Extracting Data from SignalFx

While the data you send into SignalFx is visible in dashboards and charts, you can also extract past or streaming time series data that has been sent to SignalFx. You can extract “raw” data (metrics and their values), as well as data that has been processed by SignalFx analytics. You can also choose between extracting past data and extracting data as it is being streamed to SignalFx.

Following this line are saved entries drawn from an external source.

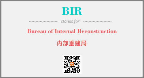 英文缩略词“BIR”经常作为“Bureau of Internal Reconstruction”的英文缩写来使用,中文表示:“内部重建局”。本文将详细介绍英文缩写词BIR所代表英文单词,其对应的中文拼音、详细解释以及在英语中的流行度。此外,还有关于缩略词BIR的分类、应用领域及相关应用示例等。
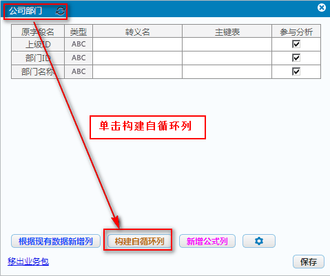 点击公司部门,进入公司部门配置界面,单击构建自循环列,可以看到构建自循环列有两种方式:一个是根据一列数据分层,一个是根据两列数据分层,如下图:
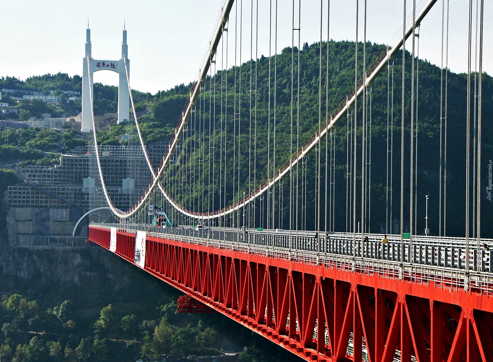 Edytor tapety: Góry, Las, Most, Aizhai, Domy
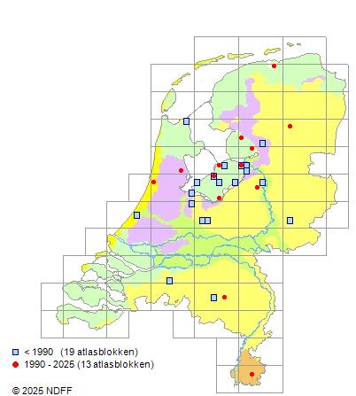 Het aantal atlasblokken (5x5 km) waarin de soort is gemeld binnen een periode van vijf jaar (vanaf 1980) of twintig jaar. Niet gecorrigeerd voor waarnemersinspanning en het aantal doorgegeven waarnemingen kan sterk variëren per periode, dus een trend in verspreiding kan hier niet direct uit worden afgelezen. Het opgegeven jaartal is het eerste jaar van de periode. Bron: gevalideerde waarnemingen uit de NDFF.
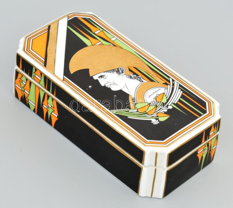 Leírás: Hollóházi Spartacus bonbonier, terv.: Jurcsák, jelzett, matricás, minimális kopottsággal, 15x7,5 cm
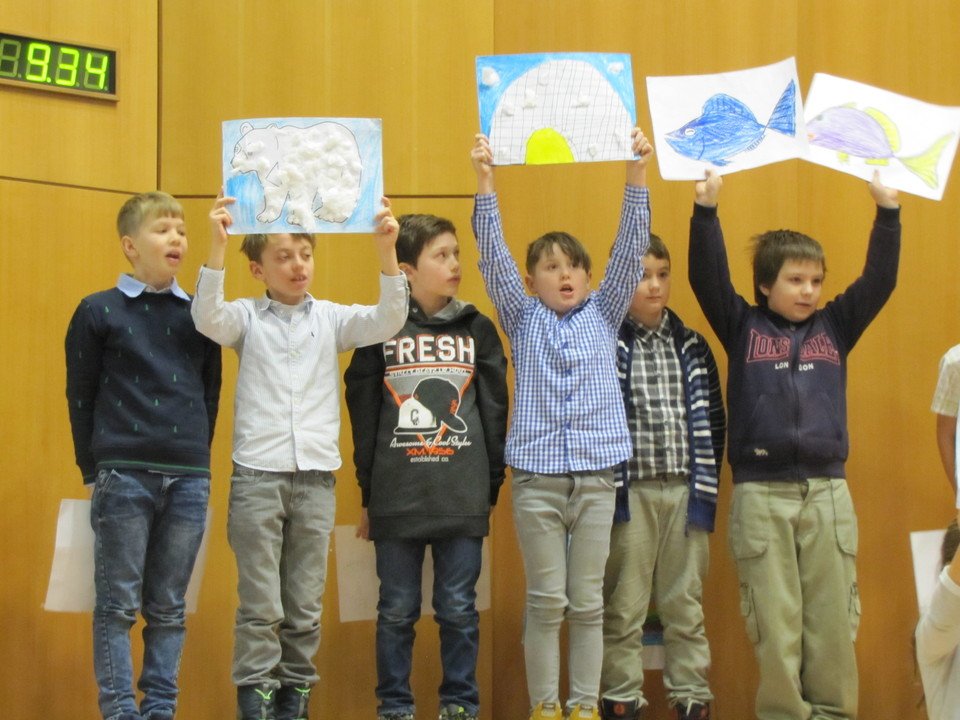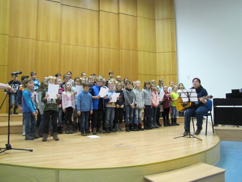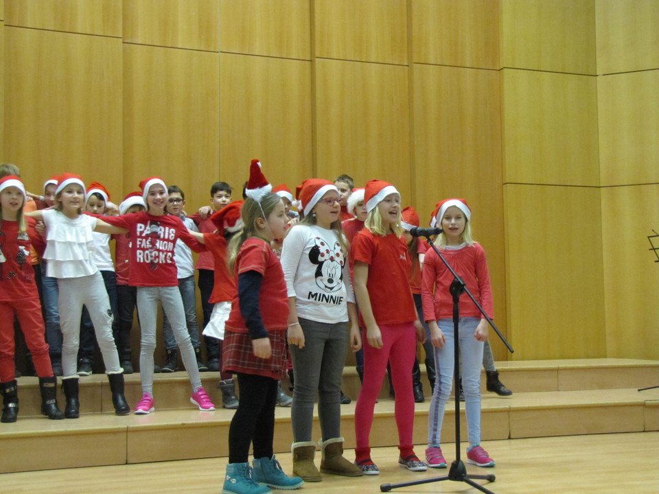 V čase předvánočním se schází všichni žáci a učitelé 1. stupně školy na tradiční představení Děti dětem.

Why would I extract data from SignalFx?

You might want to extract data from SignalFx for a variety of reasons. Some of the most common use cases include:

  • You have an operational dashboard that pulls data from multiple sources, including SignalFx, to present a consolidated view of an environment. The tool you use for the operational dashboard has its own visualization capabilities, so all you need is the data to populate the visualizations.
  • You want to make data that’s stored in SignalFx visible to users that don’t have logins to SignalFx, such as executives or customers.
  • You want to use the metrics in SignalFx to drive automated actions, e.g. to remediate issues or to perform preventative maintenance, and you prefer not to do this using SignalFx detectors and their associated webhooks.
  • You want to analyze the data stored in SignalFx using a desktop product, or some other tool that performs different types of analytics than the SignalFx analytics engine.

How do I extract data from SignalFx?

There are three common ways to extract data from SignalFx: by using SignalFlow, SignalFx’s streaming analytics API; by using the /timeserieswindow endpoint in the SignalFx API; or from the SignalFx UI. Each method is summarized below. To use SignalFlow or /timeserieswindow, you must have an access token for the SignalFx API. For more information, see Authentication Overview.

Using SignalFlow to extract data

SignalFx provides a language called SignalFlow that is primarily used to describe computations for SignalFx’s real-time analytics engine. In addition, SignalFlow also provides a publish() stream method, which extracts data from a stream so that it is visible outside of a computation.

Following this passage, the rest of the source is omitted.